Before you purchase an investment, you should understand the following:

  • the cost
  • the degree and nature of the risks
  • investment goals
  • performance history, and
  • any fees associated with the investment.

Get Everything in Writing

You should never rely on oral statements for assurance - get it in writing, and make sure you understand the information you receive. Check it against your own goals and risk tolerance. Get the opinion of an outside source if you are not sure.

If you are considering a mutual fund, for example, make sure you get answers to the following questions:

  • What are the fund's goals and investment strategies?
  • What are the fees and other costs involved, and how do they compare to comparable funds?
  • How are the costs determined?
  • What is the fund's performance and management history?
  • How does it compare with similar funds?
  • Are derivatives part of the fund? If so, are they used for hedging or speculating?
  • Who is the fund manager? What is his or her background and investment history?
  • Who can you call for more information?

Building a Successful Portfolio

Building a portfolio that is best for you should be based on your age, financial needs, and tolerance for risk. Just looking at funds that made the most money last year instead of how funds performed over the past 10 years could lead to trouble.

Use Common Sense

The internet has literally thousands of web sites dealing with investments. There are many very good ones and many very bad ones. Again, use your common sense and check out any information you see.

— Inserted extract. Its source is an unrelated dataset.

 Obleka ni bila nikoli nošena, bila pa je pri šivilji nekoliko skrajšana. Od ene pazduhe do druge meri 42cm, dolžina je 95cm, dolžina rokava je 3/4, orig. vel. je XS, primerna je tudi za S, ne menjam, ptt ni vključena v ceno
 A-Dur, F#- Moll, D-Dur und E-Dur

Deal with Licensed Professionals and Registered Products

Investment professionals need to be licensed with the Washington Department of Financial Institutions (DFI). In addition, most investment products sold need to be registered with DFI.

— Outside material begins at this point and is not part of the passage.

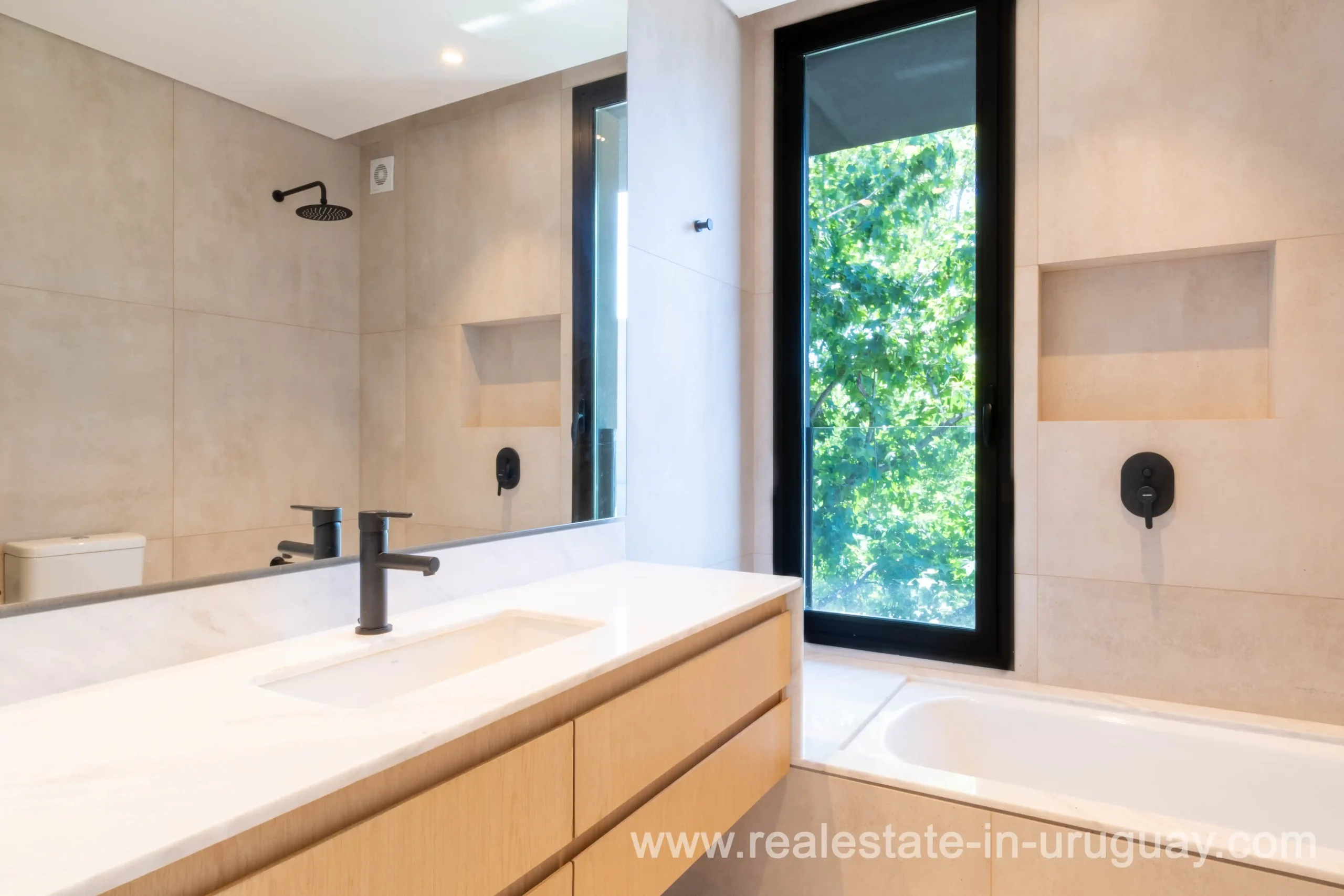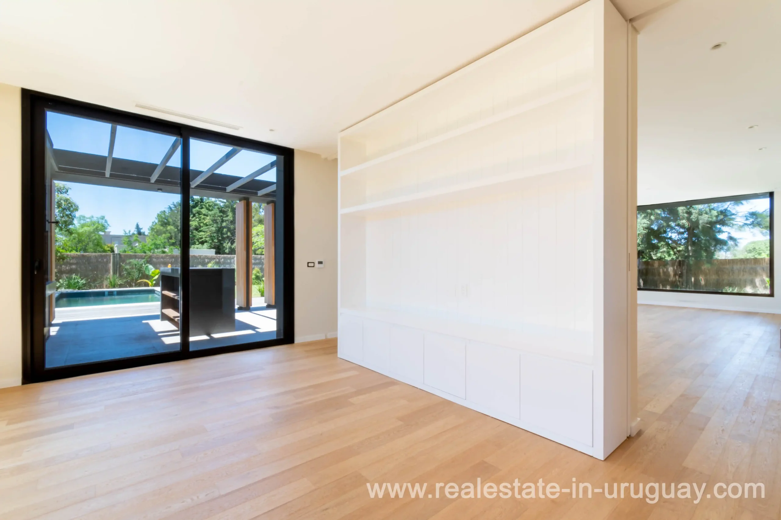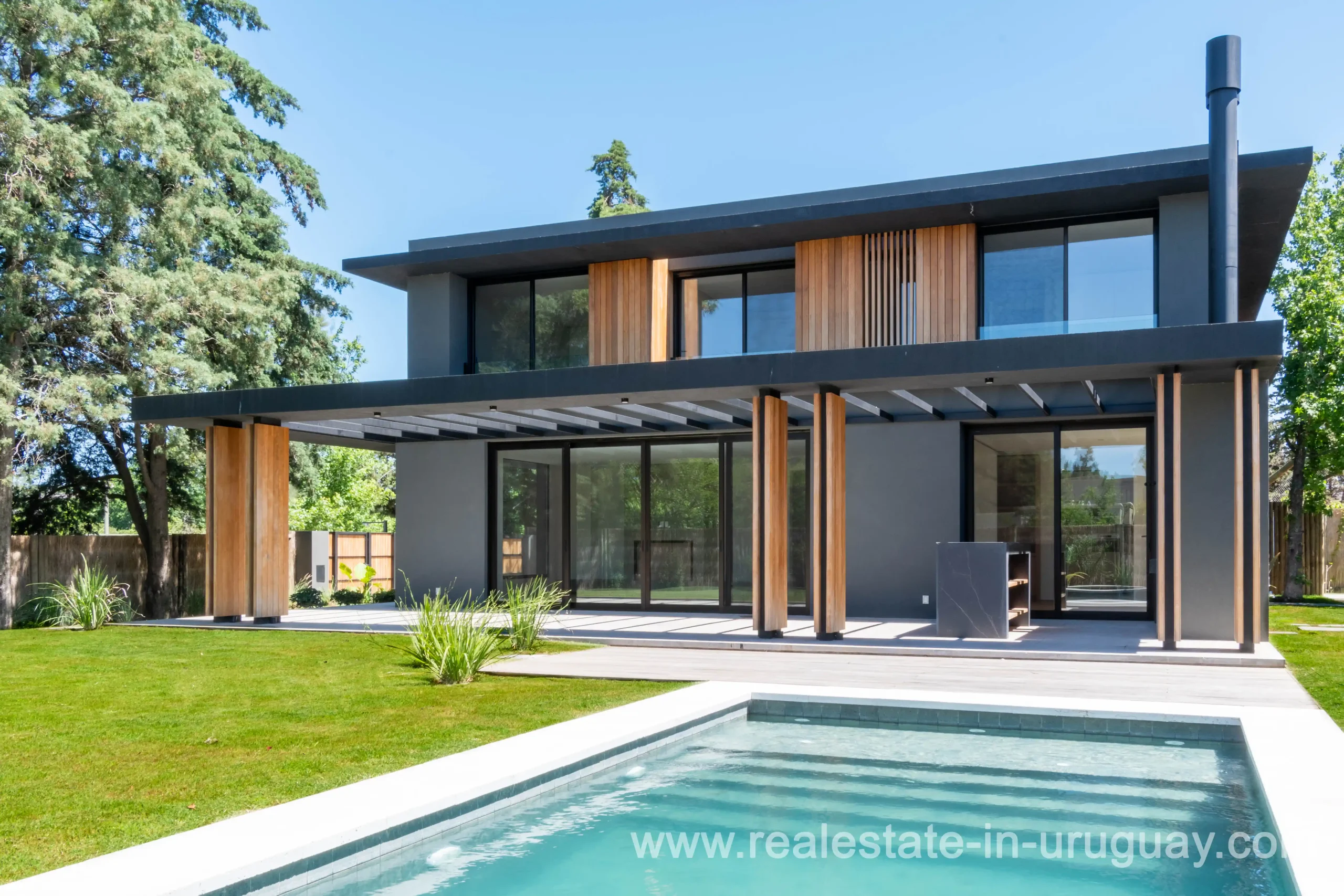 Modern and spacious house in San Nicolas, designed by a renowned architectural firm. This house, distributed on two spacious floors, is located on a corner lot of 781 m2 with a northeast orientation and has 387 m2 built. At the entrance, there is an entrance hall and a guest toilet. The spacious living-dining room has a wood-burning stove and high-quality DVH windows that go from floor to ceiling, letting in light all day long, thanks to its north orientation. The social area is designed in such a way that an elegant library separates the living-dining room from the living room, which in turn can be integrated or not with a sliding door to the kitchen. The entire social area has access to a generous pergola terrace with a barbecue and access to the garden with a swimming pool. The kitchen is designed with high-quality materials, Dekton, and Johnson appliances, and has an oven, stove, and Bosch hood. The kitchen has access to the laundry room and a bedroom with a full-service bathroom that has its own independent entrance. Upstairs, we have a distribution hall with modern windows that let in natural light. The master suite has a large walking closet and a bathroom strategically designed to ensure comfort. It also has another suite and two more bedrooms that share a bathroom equipped with a marble bathtub. The garden was specially designed by a landscaper and contains a variety of vegetation that is in full bloom. The house has central air conditioning on the first floor and provision for splits upstairs. Heating by heat pump and hot water by gas boiler.

To check the licensing status and to find out if there are any complaints against an investment professional or investment product, contact the Washington State Department of Financial Institutions at 1.877.RING DFI (746-4334).

The Securities Investor Protection Corporation (SIPC)

Unlike the Federal Depository Insurance Corporation (FDIC), the SIPC is not a government agency. The SIPC only offers protection if a SIPC member fails financially and is unable to meet obligations to its securities customers. SIPC doesn't protect an investor against loss resulting is the ups and downs in the Market nor does it cover loses from bad advice, unsuitable recommendations, or fraud.